Paul Revere Life Insurance Co. v. Payne, CA 942575

Decision Date15 March 2000
Docket NumberCA 942575
PartiesThe Paul Revere Life Insurance Co. v. Brooks E. Payne
CourtMassachusetts Superior Court
As-is Docket Number: CA 94-2575

Venue Worcester

File Date: March 17, 2000

Judge (with first initial, no space for Sullivan, Dorsey, and Walsh): Fecteau

Opinion Title: Memorandum of Decision on Order on Plaintiff's Motion for Summary Judgment

The Paul Revere Life Insurance Company ("Paul Revere") filed this declaratory judgment action seeking, inter alia, a declaration that it is entitled to either rescind or reform a disability insurance policy (the "Policy") issued to the defendant, Brooks E. Payne ("Payne"). Paul Revere argues that Payne made material misrepresentations on his disability insurance application that increased its risk of loss as a matter of law, pursuant to G.L.c. 175, 186. Payne denies that he misrepresented his health history, and has filed a counterclaim to recover benefits under the Policy. Payne contends that Paul Revere's failure to pay him in accordance with the terms of the disability insurance policy constitutes a breach of contract and violates both G.L.c 176D and G.L.c. 93A.1

After a methodical and comprehensive review of the pleadings and supporting legal memoranda and arguments of counsel, this court, sua sponte, questioned whether it had subject matter jurisdiction to adjudicate Paul Revere's claims pursuant to 29 U.S.C. 1132(a)(1)(B), (a)(7) and Jefferson-Pilot Life Insurance Co. v. Krafka, 57 Cal.Rptr.2d 723 (Cal.App. 2 Dist. 1996) (finding state court lacked subject matter jurisdiction over insurer's complaint and directing district court to dismiss action). See Iglesias v. Mutual Life Ins. Co. of New York, 156 F.3d 237, 241 (1st Cir. 1998) (court has obligation to inquire into its subject matter jurisdiction over defendant's counterclaims although neither party raised the issue), citing Clark v. Paul Gray, Inc., 306 U.S. 583, 588 (1939); Bonfatti v. Zoning Bd. of Appeals of Holliston, 48 Mass.App.Ct. 46, 49 (1999); see also Kennedy v. Consolidated Motor Lines, 312 Mass. 84, 89 (1942) (finding where superior court has no jurisdiction, judge under duty to order action dismissed).

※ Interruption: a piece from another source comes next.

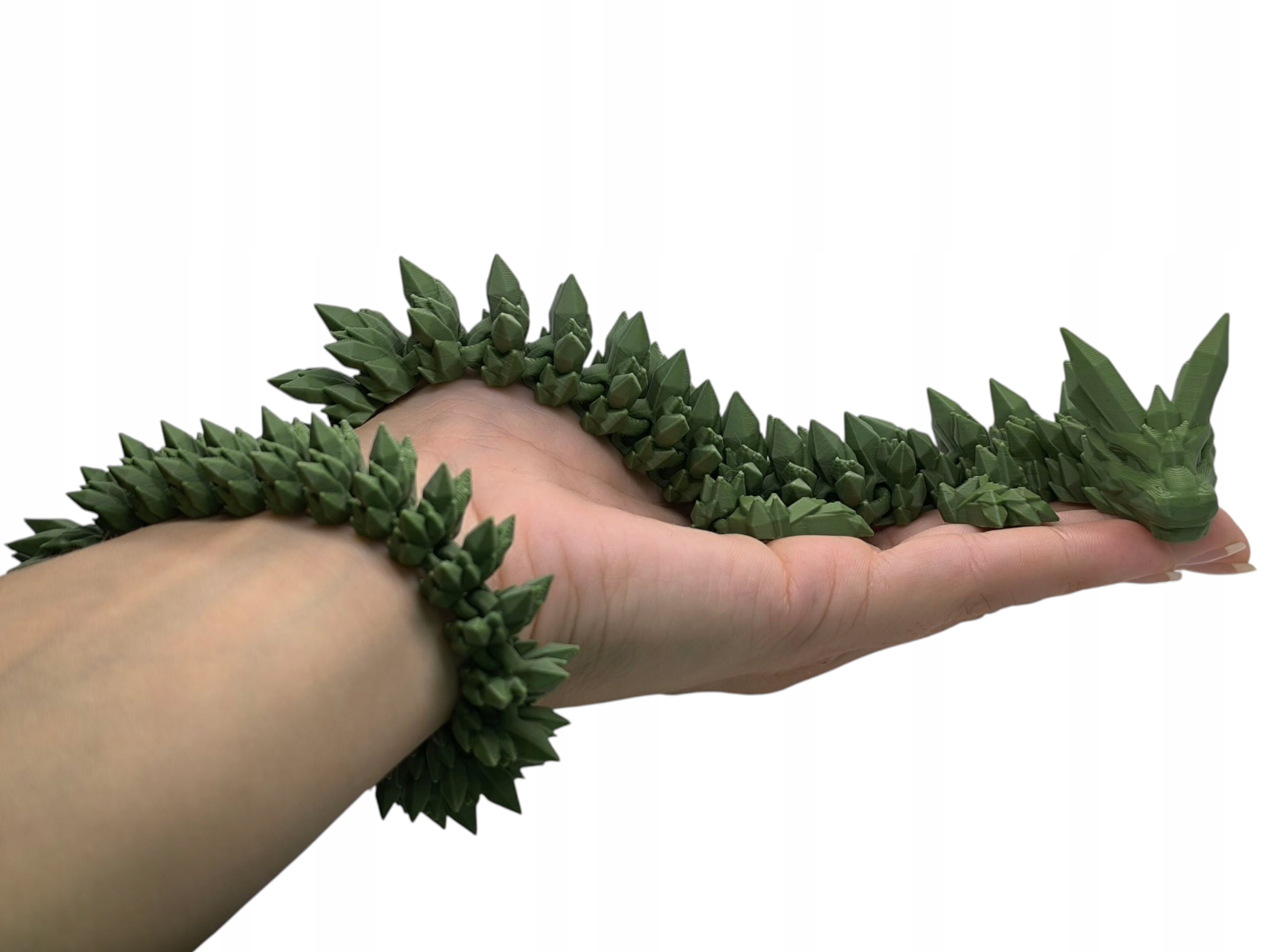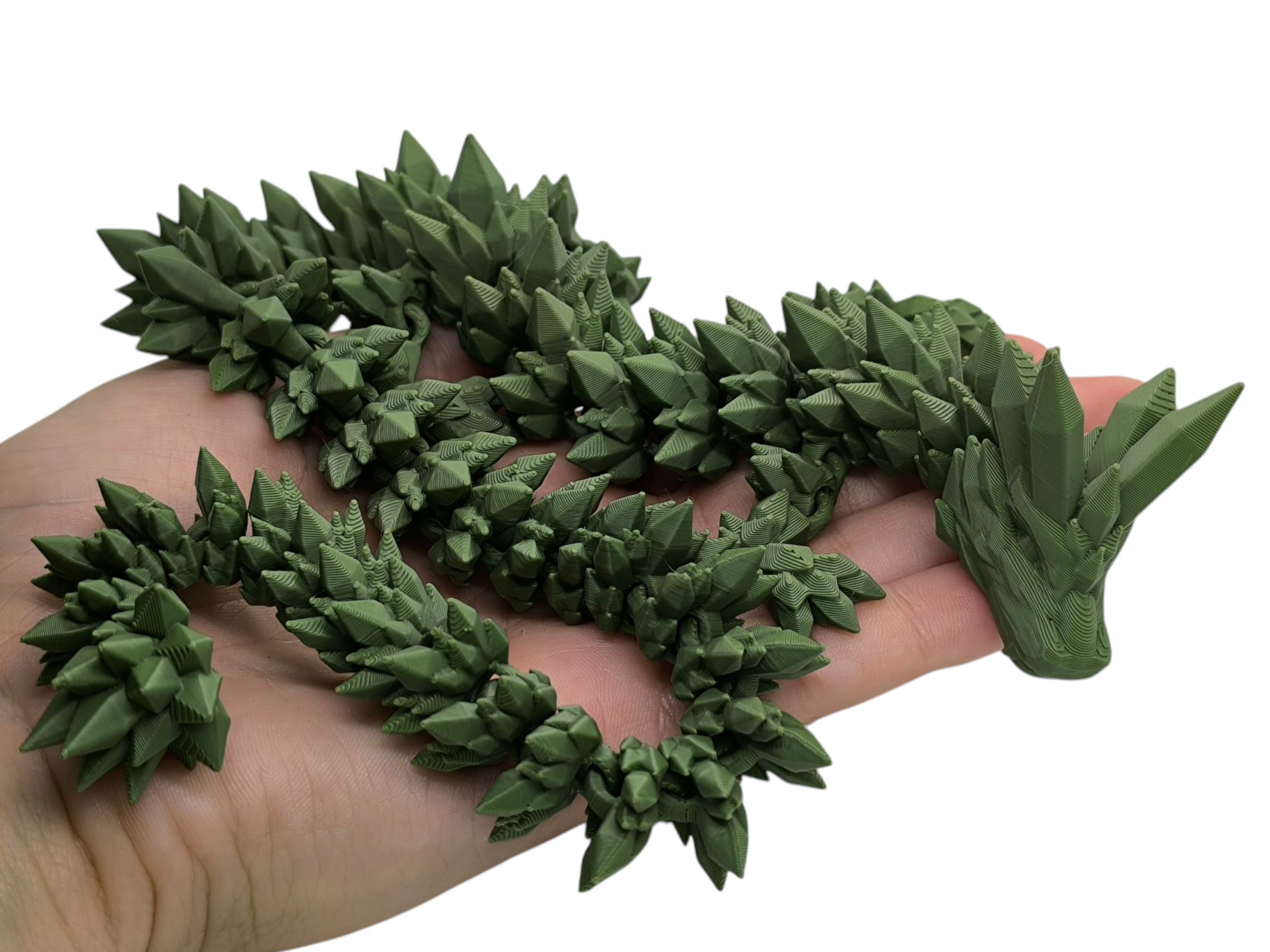 Откройте для себя совершенно нового кристаллического дракона с впечатляющей длиной до 40 см! Эта уникальная модель была создана из экологической игры в сочном зеленом цвете, которая прекрасно отражает свет и привлекает внимание на полку каждого коллекционера. Фигурана была разработана так, чтобы ослепить не только детали и современные геометрические линии, но и полную подвижность - целых 49 сегментов (с лапами) позволяют вам поставить дракона на различные позиции.

This court then ordered the parties to submit supplemental legal memoranda on the issue of subject matter jurisdiction. On February 28, 2000, the parties filed a joint supplemental memorandum acknowledging that this court lacked subject matter jurisdiction to hear Paul Revere's claims. The parties, however, have urged this court to exercise its concurrent jurisdiction, pursuant to 29 U.S.C. 1132(a)(1)(B) and adjudicate Payne's counterclaims.

Based on the foregoing, this court finds that it lacks subject matter jurisdiction over, and thus dismisses, Paul Revere's claims. See Mass.R.Civ.P. 12(h)(3) ("Whenever it appears by suggestion of a party or otherwise that the court lacks jurisdiction of the subject matter, the court shall dismiss the action"). Accordingly, to the extent that Paul Revere's motion seeks summary judgment in its favor on its complaint, that request is DENIED. For reasons stated more fully below, to the extent that Paul Revere moves for entry of summary judgment in its favor onPayne's counterclaims that request is ALLOWED.2

BACKGROUND

The facts, viewed in the light most favorable to the nonmoving party, are set forth below. See Beal v. Board of Selectmen of Hingham, 419 Mass. 535, 539 (1995).

Employment History

In 1992, Payne was employed by Columbia MetroWest Medical Center ("MetroWest") in Framingham, Massachusetts as its Vice-President for Human Resources. MetroWest established and maintained an employee benefit plan, entitled the EXECU-FLEX Benefit Plan (the "Plan"), for the purpose of providing certain employees, including Payne, with supplemental fringe benefits. MetroWest, as Payne's employer, was the Plan administrator and sponsor.3

Under the terms of the Plan, MetroWest made available to Payne an amount equal to 39% of his salary to purchase benefits. This amount was available for the purchase of benefits over and above Payne's salary. Charges for basic benefits provided to all MetroWest employees, were subtracted from the allowance, with the remainder the Flex Allowance available for allocation among tax-sheltered FLEX level benefit choices.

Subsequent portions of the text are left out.